Atkinson’s jury trial began on Feb. 19. Assistant District Attorney Erin Toolan and District Attorney Sonny McAfee prosecuted the case, and Atkinson was represented by Terrence Marsh of Georgetown.

Evidence presented at trial showed that a DPS trooper stopped Atkinson for a traffic violation in the Spicewood area in January 2017.

After conducting an investigation, the trooper found 244 tablets of Clonazepam, many other illegal prescription pills, injectable steroids, and approximately an ounce of marijuana in Atkinson’s vehicle.

Evidence further established that Atkinson was a drug dealer in the area, according to court testimony.

Jack Schumacher, a retired Drug Enforcement Agent and current chief investigator for the District Attorney’s Office, testified that he reviewed text messages retrieved from Atkinson’s phone for the 15-day period prior to Atkinson’s arrest.

In that small segment Schumacher said he was able to identify at least 19 buyers of different drugs from Atkinson as well as 3 probable suppliers. Schumacher also testified that Atkinson was dealing in steroids, illegal prescription drugs, cocaine, marijuana, and methamphetamine.

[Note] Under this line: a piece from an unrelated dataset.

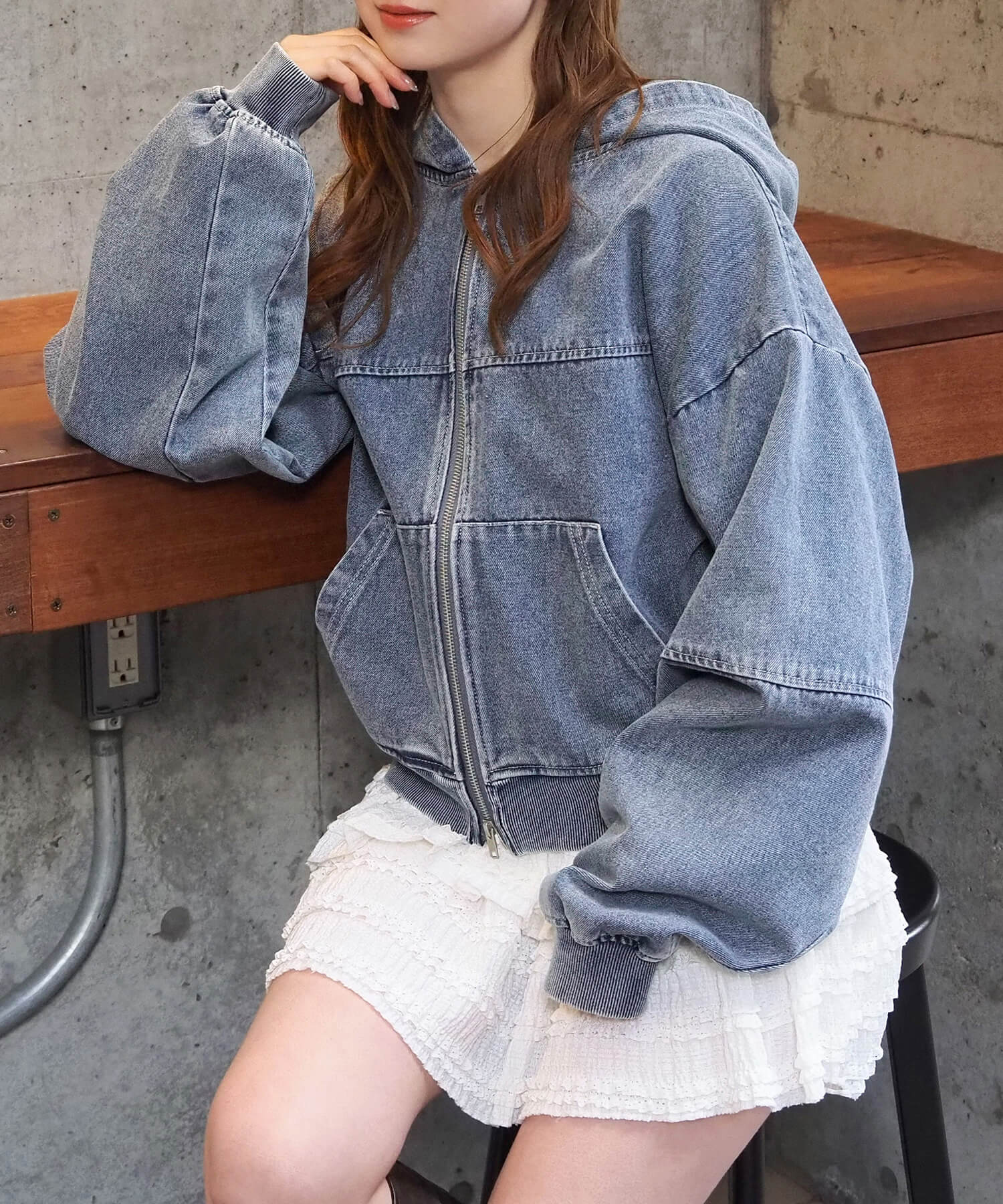 【web限定アイテム】袖ライン畦編みジップブルゾン

After the jury found Atkinson guilty he chose to have punishment assessed by the judge, the prosecutors presented evidence of Atkinson’s extensive criminal record and showed that Atkinson had used methamphetamine and committed other crimes even while awaiting trial.

Members of Atkinson’s family testified on his behalf that he was a different person since his arrest and asked the court to allow Atkinson to get drug treatment.

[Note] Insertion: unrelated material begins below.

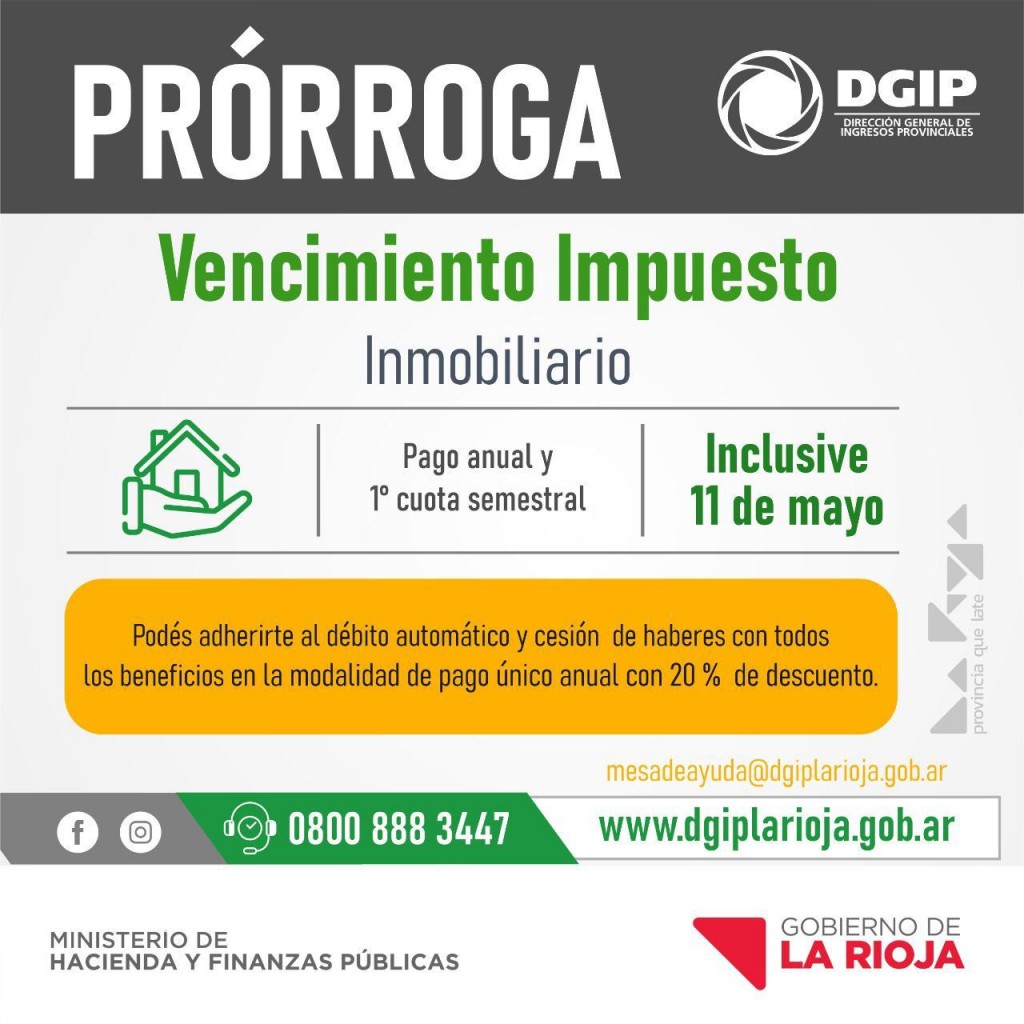 El Ministerio de Hacienda y Finanzas Pública a través de la Dirección de Ingresos Provinciales comunica la Prórroga del Vencimiento del Impuesto Inmobiliario, en la modalidad de pago único anual con 20 % de descuento y 1° cuota semestral con el 10% de descuento, hasta el día martes 11 de mayo de 2021, inclusive.

Due to Atkinson’s numerous prior convictions, the possible range of punishment was a minimum of 25 years in prison and a maximum of 99 years or life in prison.

Before sentencing Atkinson, Judge Stubbs addressed Atkinson and his family members who were present in the courtroom, saying “The problem is we have eleven prior felonies and a bunch of prior misdemeanors and [Atkinson] has had as many chances as anyone I've ever seen.” The judge continued, “He’s a repeat drunk driver, He’s a thief. He’s a person who evades arrest. He’s a reckless driver. He’s an addict. And, most importantly, he’s a drug dealer.” Judge Stubbs stated that he felt terrible for Atkinson’s family, but “Roy has made his choices and that’s the situation that we’re in.” Judge Stubbs then sentenced Atkinson to 80 years in the Texas Department of Criminal Justice.

Assistant District Attorney Erin Toolan said she was pleased with the guilty verdict by the jury and the judge’s sentence.

“As the judge said at sentencing, most of our cases – whether drug possession, assaults, or child endangerment – involve the use of drugs,” said Toolan. “So people who sell drugs in this community are the cause or at least the catalyst for a lot of pain and sorrow when others are victimized by drug abusers.”

District Attorney McAfee agreed with Toolan and added, “Three weeks ago, a jury in Llano put a man in prison for life for dealing methamphetamine. And in this case the judge gave the defendant 80 years for dealing drugs. I hope every drug dealer and would-be drug dealer gets the message today: As a community we won’t put up with the spread of this poison.”